Wuqiu (Wuchiu, Wuciou, Ockseu) (Puxian Min: Ou-chhiu, Hakka: Vû-hiu-hiông) is a group of islands comprising two major islands, namely Greater Qiu Islet and Smaller Qiu Islet, in the Taiwan Strait. Administratively, Wuqiu Township is a rural township which is part of Kinmen County (Quemoy), Fukien of the Republic of China (Taiwan) nominally de jure part of Putian County. It is the smallest township in Kinmen County and is located  northeast of the rest of the county. The township is  from the Port of Taichung on Taiwan. The closest territory under PRC control is the neighboring Luci Island (Lusi Island), Xiuyu District, Putian, Fujian, which is  to the north-northwest. Greater Qiu Island is the site of the Wuqiu Lighthouse.

History

In the early 1400s, Wuqiu was known as a marker on the sailing route between China and the Ryukyu Islands.

As of 1843, a "considerable fishing village" existed in Ockseu (Wuqiu).

The Wuqiu Lighthouse was built in 1874, directed by David Marr Henderson.

In September 1910, the center of a typhoon swept over Niushan Island (Turnabout Island) and Wuqiu (Ockseu) or a few miles to the southeast.

Wuqiu Township was originally part of Putian County with many of its residents emigrating from the county. After the end of Chinese Civil War in 1949, Wuqiu became disconnected from Putian. Control of Ockseu and other insular areas was shared between the KMT and anti-Communist guerrillas.

In June 1954, the township was provisionally reassigned to Kinmen (Quemoy) County.

In 1954, Wuchiu was shelled and attacked by the Chinese Communists on several occasions.

On February 25, 1955, Chinese Communist ships shelled Wuchiu.

On June 21, 1955, Nationalist planes heavily damaged a 40-ton tugboat at Wuchiu.

In February 1956, there were reports that the 480-man guerrilla force on Wuchiu would be evacuated. The Wuchiu Islands were seen as "highly vulnerable to Communist strikes" and "of little military value to the Nationalists."

Once the War Affairs Committee was founded in July 1956, strong and complete foundation for war affairs was built in the township.

In February 1957, the British cargo ship Hydralock ran aground off Ockseu Island. All 31 crew abandoned ship, but then disappeared. They were later discovered safe on Haitan Island.

In the summer of 1965, then-Minister of National Defense Chiang Ching-kuo visited the island as part of an inspection.

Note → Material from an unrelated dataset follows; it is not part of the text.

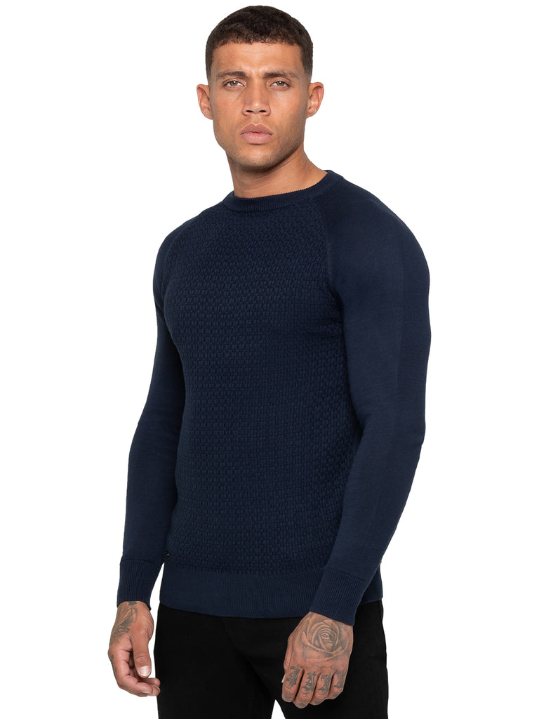 Cotton Crew Neck Casual Textured Jumper - Navy

Late on the night of November 13, 1965, the Nationalist patrol boat Yungtai and the minesweeper Yungchang were on patrol southwest of the islands covering amphibious boats that were unloading supplies to Wuchiu. At just after midnight, eight Chinese Communist boats (three escort destroyers and five gunboats) coming from Quanzhou (Chuanchou) attacked the two Nationalist boats (烏坵海戰). The Yungchang was sunk almost immediately with fifteen survivors who were rescued by the USS O'Brien. Yungtai sunk four of the Communist gunboats but was scrapped due to excessive damage from the engagement.

In the early morning of March 20, 1974, Lt. Wu Miao-huo defected to the PRC. He took a rubber speedboat from Wuchiu to Nanjih Island. Wu wasn't able to get along with his superior officers.

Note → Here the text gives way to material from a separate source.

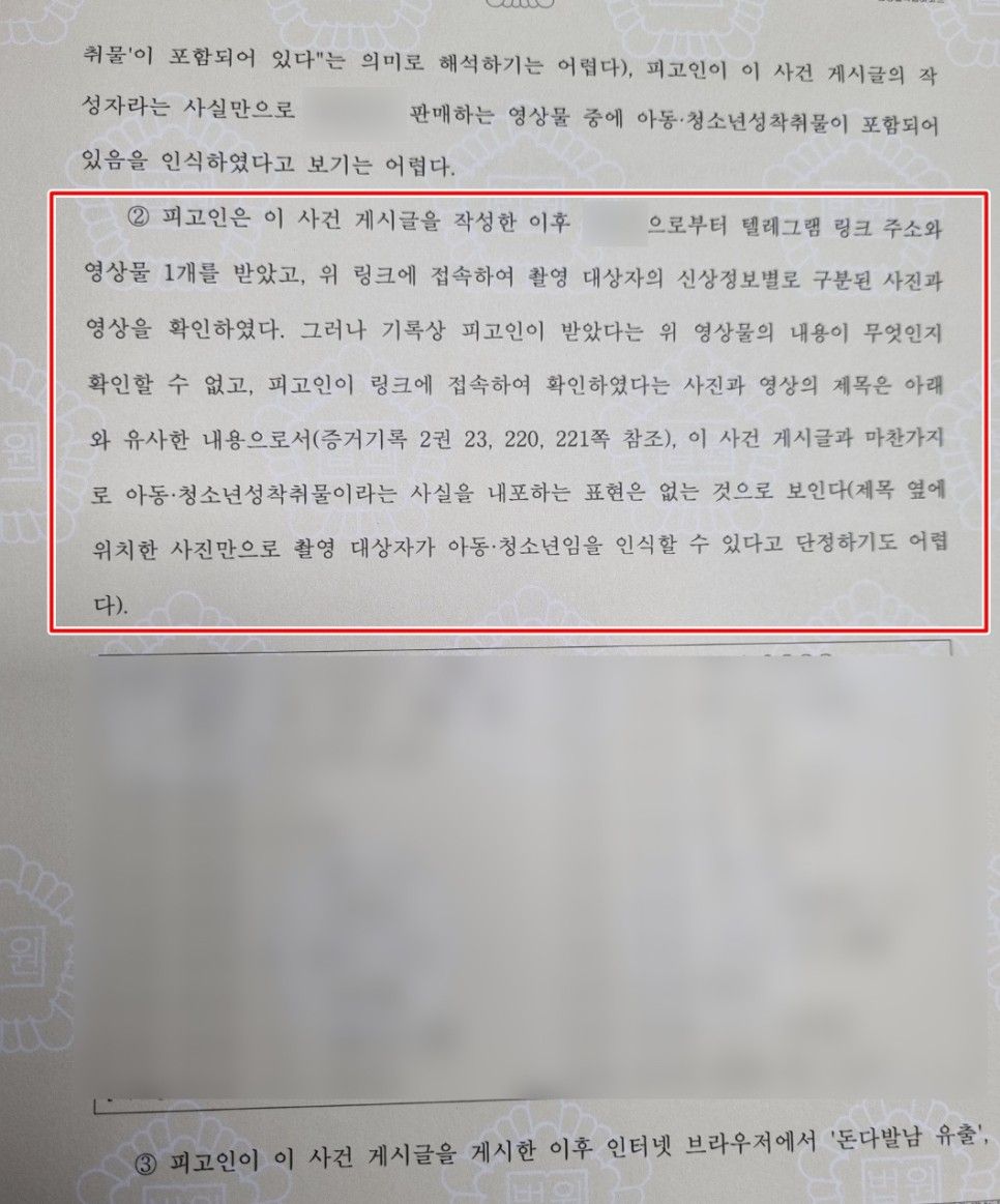변호인의견서의 주된 내용은 "다른 죄명들은 모두 혐의를 인정하고 자백하는 입장이지만, 가장 중한 죄명인 아청법 성착취물 제작, 배포 죄는 의뢰인에게 아동, 청소년 성착취물이었다는 사실을 인식하기 어려워 혐의를 부인한다"는 취지였습니다.

Martial law was lifted from the township on 7 November 1992.

On 29 January 1994, Wuqiu residents had their first election to elect the fourth head of Wuqiu Township. And on 16 July 1994, the residents had their first election to elect the fourth village heads of Daqiu Village and Xiaoqiu Village.

In November 1994, General Li Kai, commander of the troops at Wuqiu, committed suicide.

During the Third Taiwan Strait Crisis in 1996, military sources in Taipei expected China to attack a small Taiwan-held island. The most likely target was Wuchiu, then garrisoned by 500 soldiers. The outlying islands were placed on high alert.

In 1998, Zero Chou produced a documentary about the islands called Yi Shi Zai Hai Xia Zhong ("Lost in the Strait") (Chinese: 遺失在海峽中：烏坵, 48 mins).

On December 26, 2001, President Chen Shui-bian visited Wuqiu and delivered remarks. Chen was the first president to visit Wuqiu during their presidency.

In 2012, Wuqiu, along with Daren Township in Taitung County, was proposed by the Ministry of Economic Affairs as the candidate of the new disposal site of nuclear waste after the Lanyu Storage Site in Orchid Island, Taitung County. This proposal however received heavy objection from the local Wuqiu residents.

On July 23, 2017, after a period of sixty years in which the lighthouse remained disused, the Wuqiu Lighthouse resumed service.

On August 24, 2017, Chen Fu-Hai, then-magistrate of Kinmen County, visited the Wuqiu Township Office.

On the night of August 2, 2019, a cargo ship in port at Wuqiu struck a tetrapod in choppy waves. The ship sank but the thirteen crew members were rescued by the Wuqiu Islands Garrison Command.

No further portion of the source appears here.